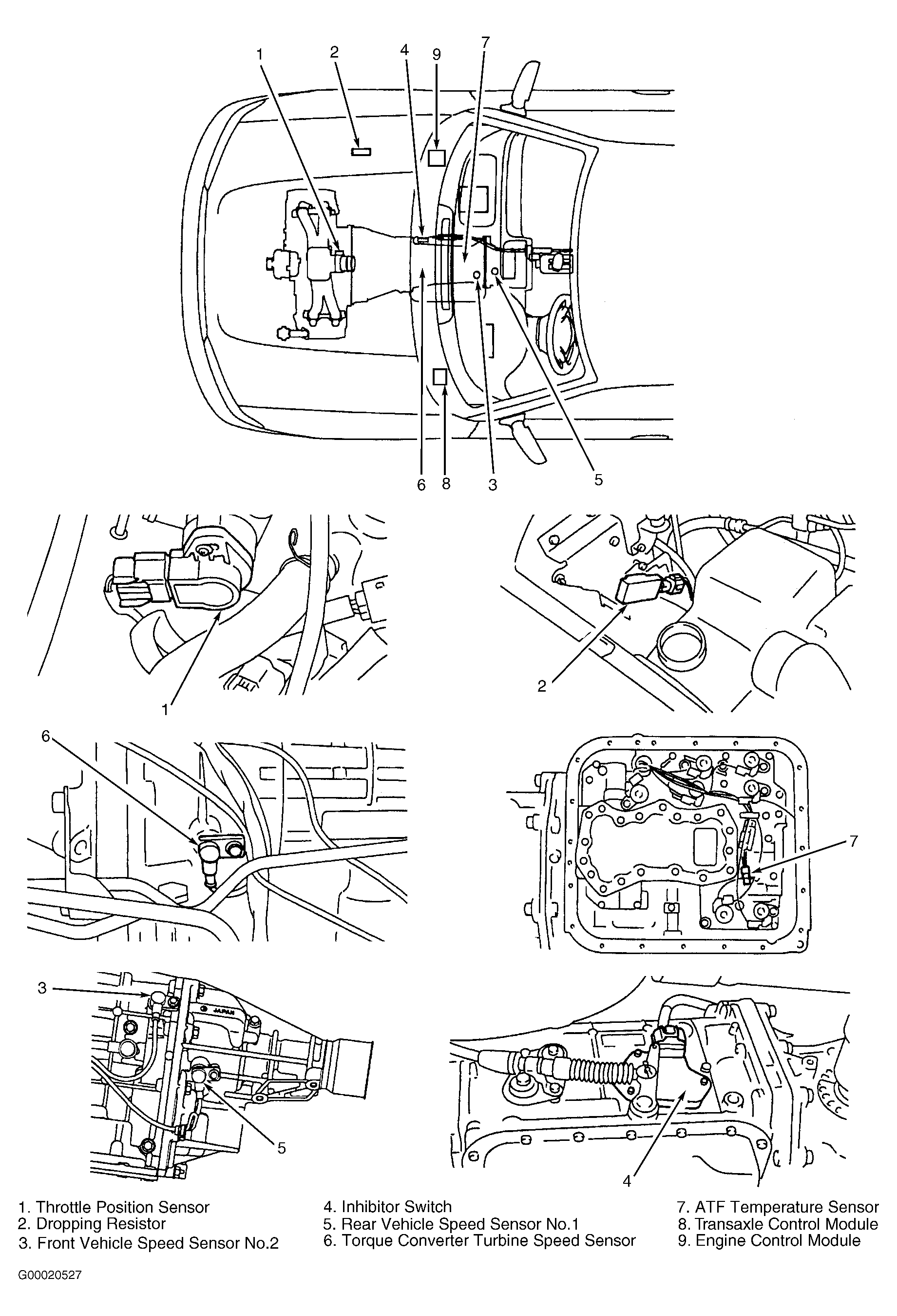 The Transaxle Control Module (TCM) receives information from various input devices and uses this information to control shift and duty solenoids. TCM is located under left side of instrument panel. See Figure . TCM contains a self-diagnostic system, which will store a DTC if a failure or problem exists in electronic control system. DTC can be retrieved to determine transaxle problem area. See RETRIEVING DIAGNOSTIC TROUBLE CODES under DIAGNOSIS & TESTING.
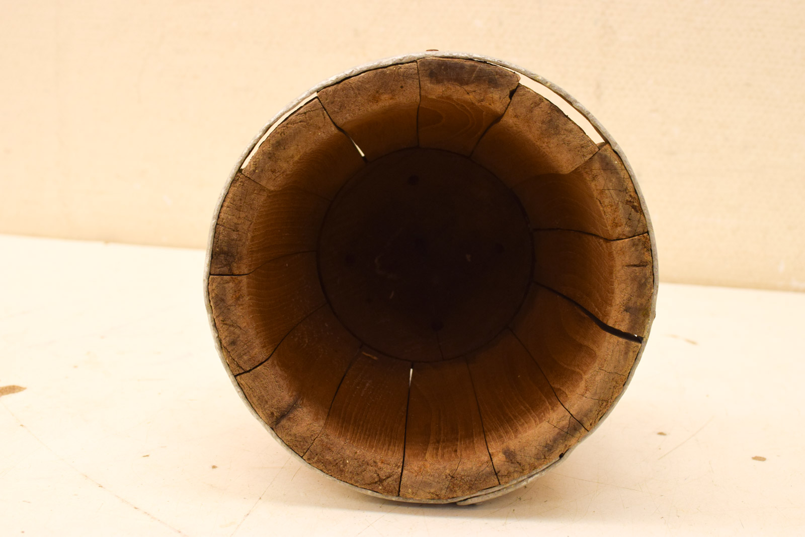de kaasmal is gebruikt en heeft gebruikssporen en roestplekjes diameter bovenkant 19,5 cm hoog 19 cm
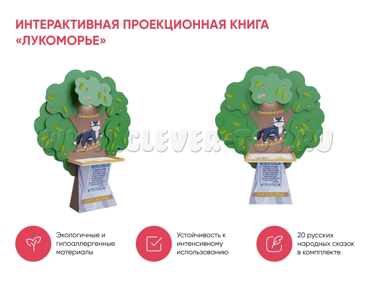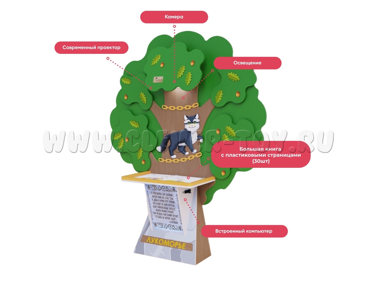 Стилизованная стойка, выполненная в виде интерактивной книги, - это уникальный образовательный инструмент для программ дошкольного образования. Крупные пластиковые страницы, на которые проецируются яркие иллюстрации и текст, позволяют детям не только знакомиться с литературой, но и активно участвовать в процессе чтения.
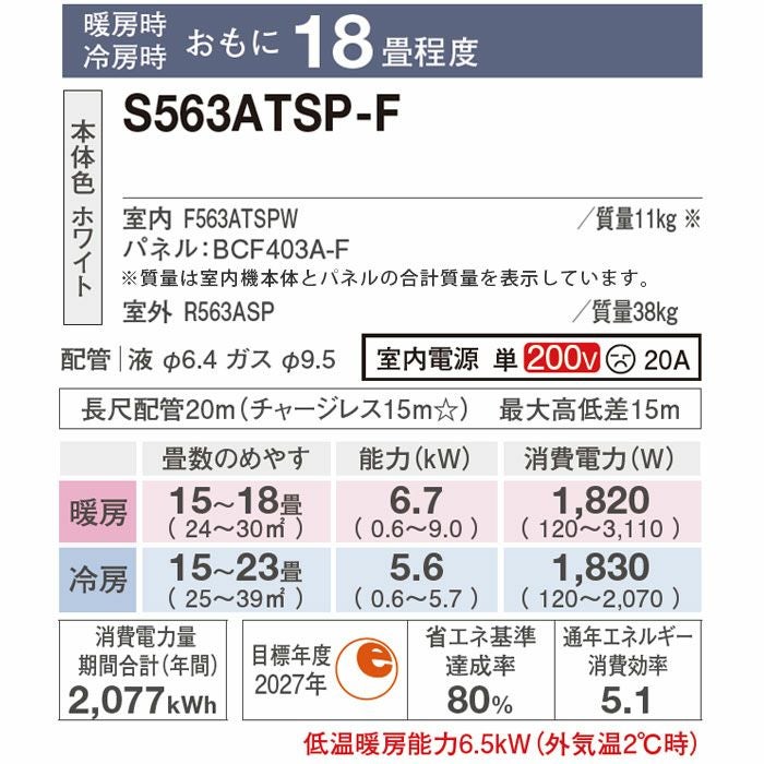 他の画像を見る ダイキン工業 S563ATSP-F●エリア限定●標準工事費用込みエアコン。工事保証3年付。 【標準工事費込み】S563ATSP-F ダイキン ルームエアコン SXシリーズ 主に18畳用 標準工事費込み 代引不可 単相200V 2023年モデル ¥ 195,840 税込 詳細を見る お気に入りに登録する
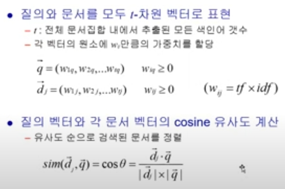 이 중에서는 vectorspace model(VSM)을 가장 많이 사용함
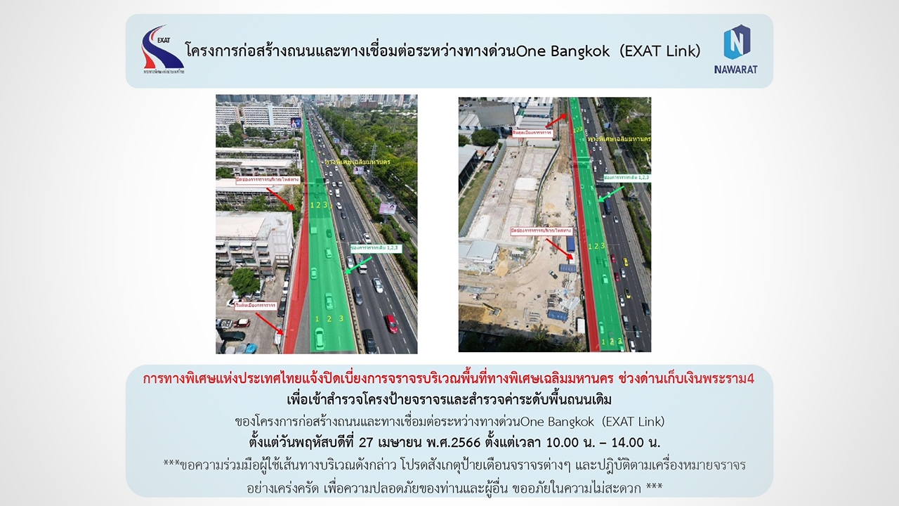 การทางพิเศษแห่งประเทศไทย (กทพ.) กระทรวงคมนาคมได้ร่วมมือกับ บริษัท วัน แบงค็อก จำกัด โดยได้ว่าจ้างบริษัท เนาวรัตน์พัฒนาการ จำกัด (มหาชน) เป็นผู้ดําเนินการก่อสร้างโครงการก่อสร้างถนนและทางเชื่อมต่อระหว่างทางด่วน One bangkok (Exat Link) ขอแจ้งปิดเบี่ยงการจราจร บนทางพิเศษเฉลิมมหานคร ช่วงด่านเก็บค่าผ่านทางพระราม 4 เพื่อดำเนินการสำรวจค่าระดับพื้นถนนและสำรวจโครงป้ายจราจร ตั้งแต่วันที่ 27 เมษายน 2566 ตั้งแต่เวลา 10.00 น.-14.00 น.

» **AIM OF THE TASK**
Copy every line of the data exactly as written, excluding the pictures.

» **FINISHED EXERCISE**
 The Transaxle Control Module (TCM) receives information from various input devices and uses this information to control shift and duty solenoids. TCM is located under left side of instrument panel. See Figure . TCM contains a self-diagnostic system, which will store a DTC if a failure or problem exists in electronic control system. DTC can be retrieved to determine transaxle problem area. See RETRIEVING DIAGNOSTIC TROUBLE CODES under DIAGNOSIS & TESTING.
de kaasmal is gebruikt en heeft gebruikssporen en roestplekjes diameter bovenkant 19,5 cm hoog 19 cm
 Стилизованная стойка, выполненная в виде интерактивной книги, - это уникальный образовательный инструмент для программ дошкольного образования. Крупные пластиковые страницы, на которые проецируются яркие иллюстрации и текст, позволяют детям не только знакомиться с литературой, но и активно участвовать в процессе чтения.
 他の画像を見る ダイキン工業 S563ATSP-F●エリア限定●標準工事費用込みエアコン。工事保証3年付。 【標準工事費込み】S563ATSP-F ダイキン ルームエアコン SXシリーズ 主に18畳用 標準工事費込み 代引不可 単相200V 2023年モデル ¥ 195,840 税込 詳細を見る お気に入りに登録する
 이 중에서는 vectorspace model(VSM)을 가장 많이 사용함
 การทางพิเศษแห่งประเทศไทย (กทพ.) กระทรวงคมนาคมได้ร่วมมือกับ บริษัท วัน แบงค็อก จำกัด โดยได้ว่าจ้างบริษัท เนาวรัตน์พัฒนาการ จำกัด (มหาชน) เป็นผู้ดําเนินการก่อสร้างโครงการก่อสร้างถนนและทางเชื่อมต่อระหว่างทางด่วน One bangkok (Exat Link) ขอแจ้งปิดเบี่ยงการจราจร บนทางพิเศษเฉลิมมหานคร ช่วงด่านเก็บค่าผ่านทางพระราม 4 เพื่อดำเนินการสำรวจค่าระดับพื้นถนนและสำรวจโครงป้ายจราจร ตั้งแต่วันที่ 27 เมษายน 2566 ตั้งแต่เวลา 10.00 น.-14.00 น.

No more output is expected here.